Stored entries

────

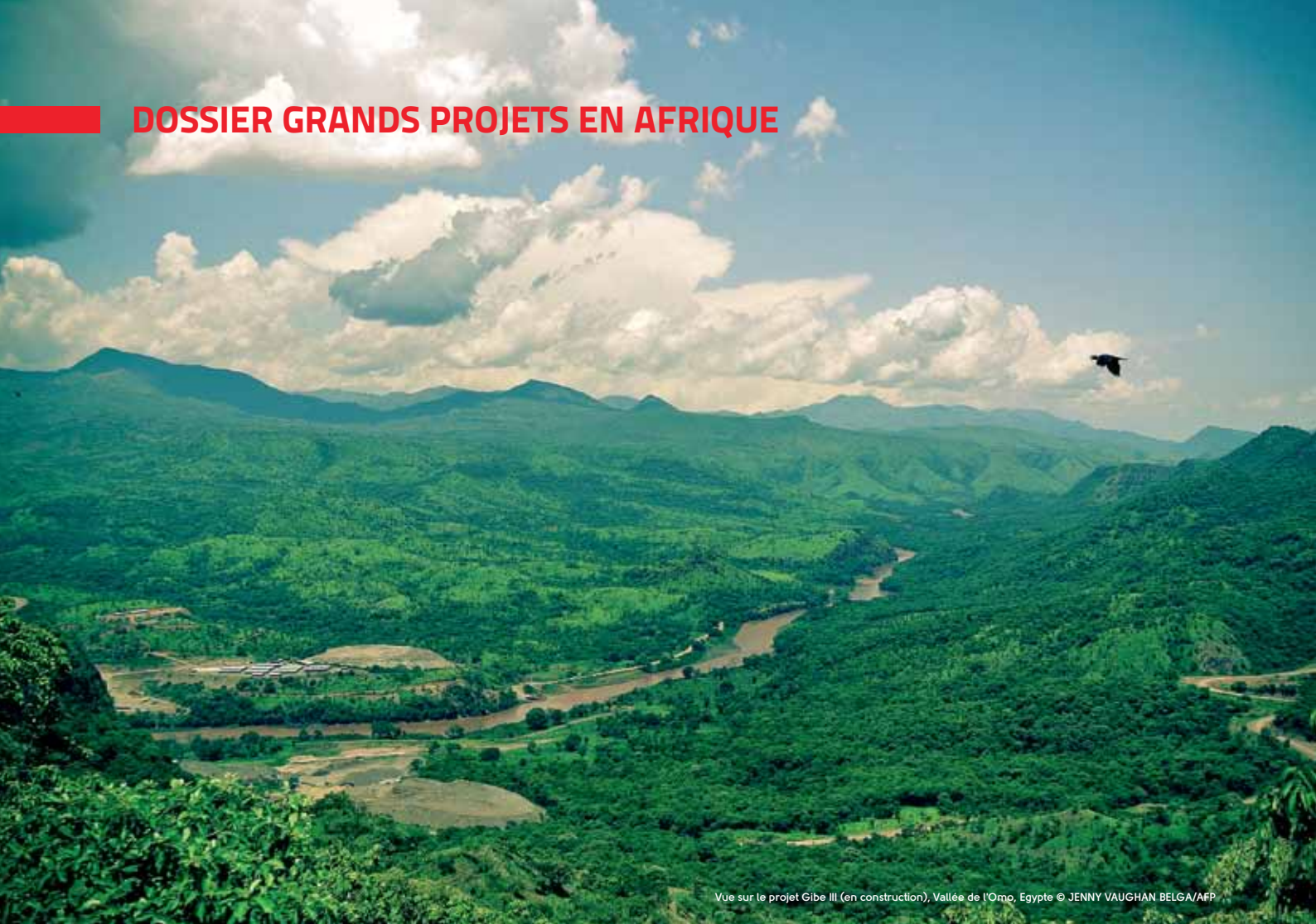
Vue sur le projet Gibe III (en construction), Vallée de l'Omo, Égypte
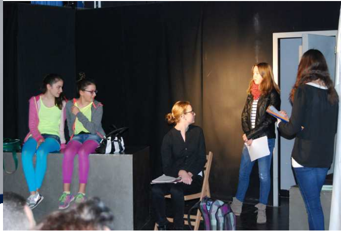
Das Jubiläumstück - die Aufführung der Theater AG
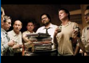
DAS GESTÄNDNIS (DE 2015)
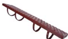
Oblúk strešnej lávky + lávka Material: oceľ s povrchovou úpravou
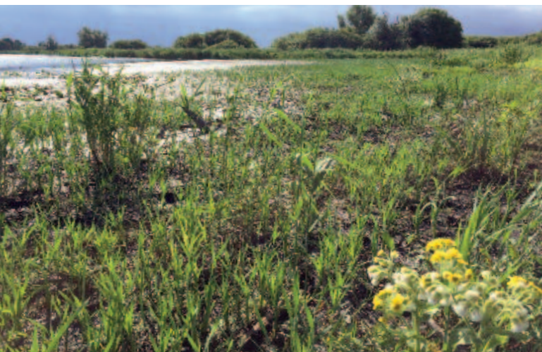
Foto 2. De kracht van peildynamiek: na droogval in begin 2016 is in het volgende groeiseizoen sprake van snelle opkomst van helofyten (vooral Grote lisdodde en Riet) en pioniers (rechtsonder Moerasandijvie).

De in het verleden rijkelijk voorkomende vegetaties van ondergedoken waterplanten zijn met de eutrofiëring en de daarmee gepaard gaande sterke verandering van de vispopulatie ('verbraseming') vrijwel volledig verdwenen. In dit Life-project wordt over een oppervlakte van ca. 80 ha gewerkt aan de terugkeer daarvan. Het betreft een aantal grotere en kleinere petgaten, die verspreid over het gebied liggen en die geïsoleerd zijn van het omringende (voor recreanten bevaarbare) boezemwater of daar relatief gemakkelijk van zijn te isoleren. De belangrijkste maatregel is hier het groten-deels wegvangen van (bodemwoelende en plankton-etende) vis, waarvan Brasem ( Abramis brama ) de hoofdmoot vormt.
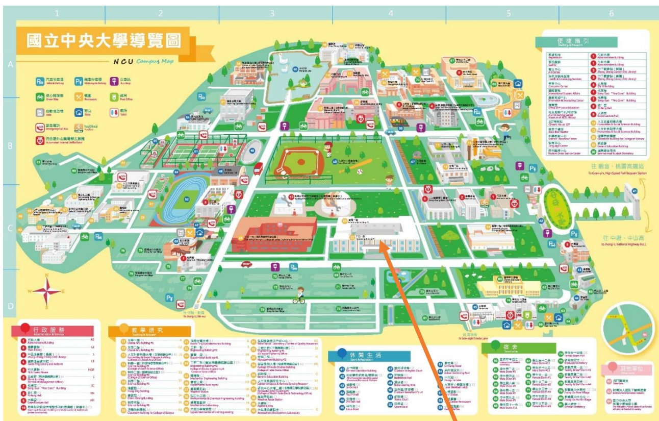
中央大學 校內平面圖
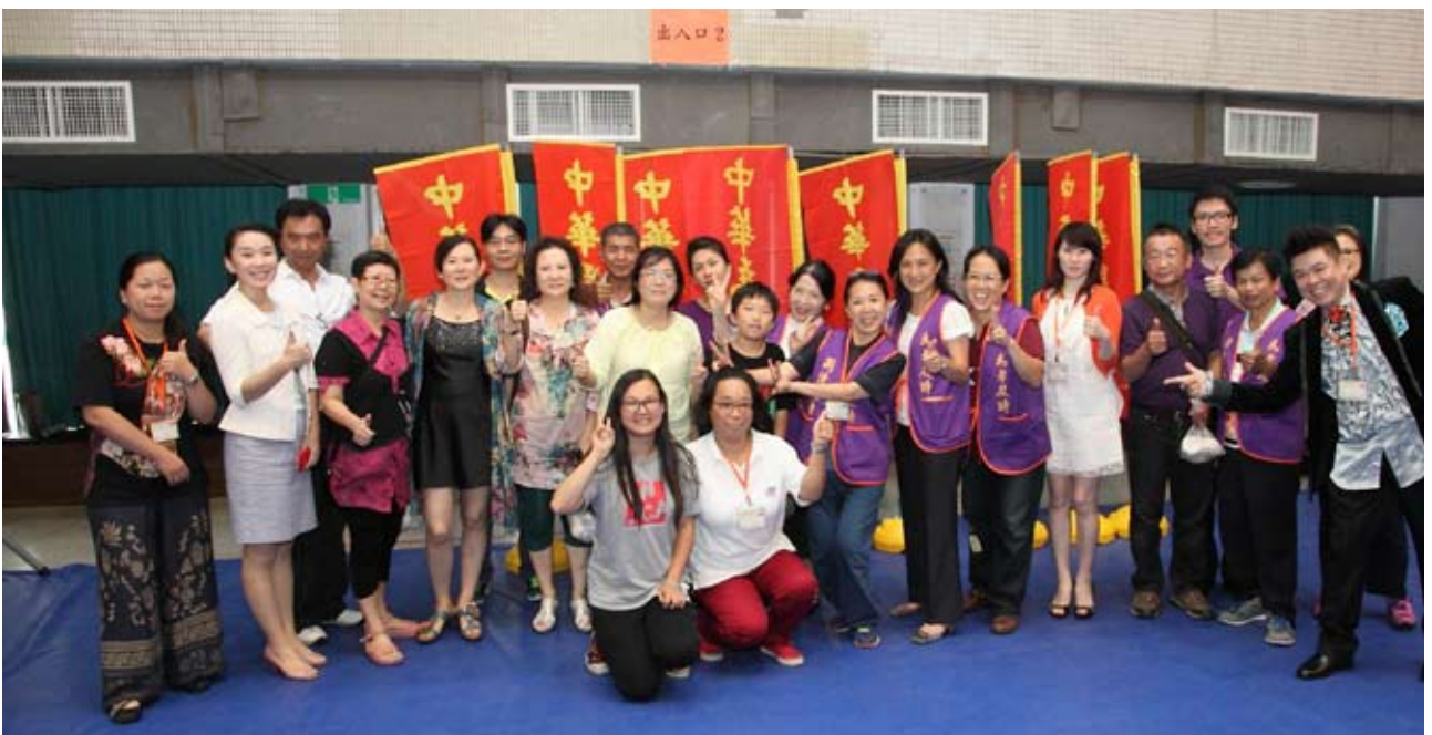
中華為孝協會志工群

────

§ **Exercise instructions**: Reproduce only the lines of the records from the start up to and including the line that holds "Oblúk strešnej lávky"; do not carry over any picture.

§ **Task answer**:
Vue sur le projet Gibe III (en construction), Vallée de l'Omo, Égypte
Das Jubiläumstück - die Aufführung der Theater AG
DAS GESTÄNDNIS (DE 2015)
Oblúk strešnej lávky + lávka Material: oceľ s povrchovou úpravou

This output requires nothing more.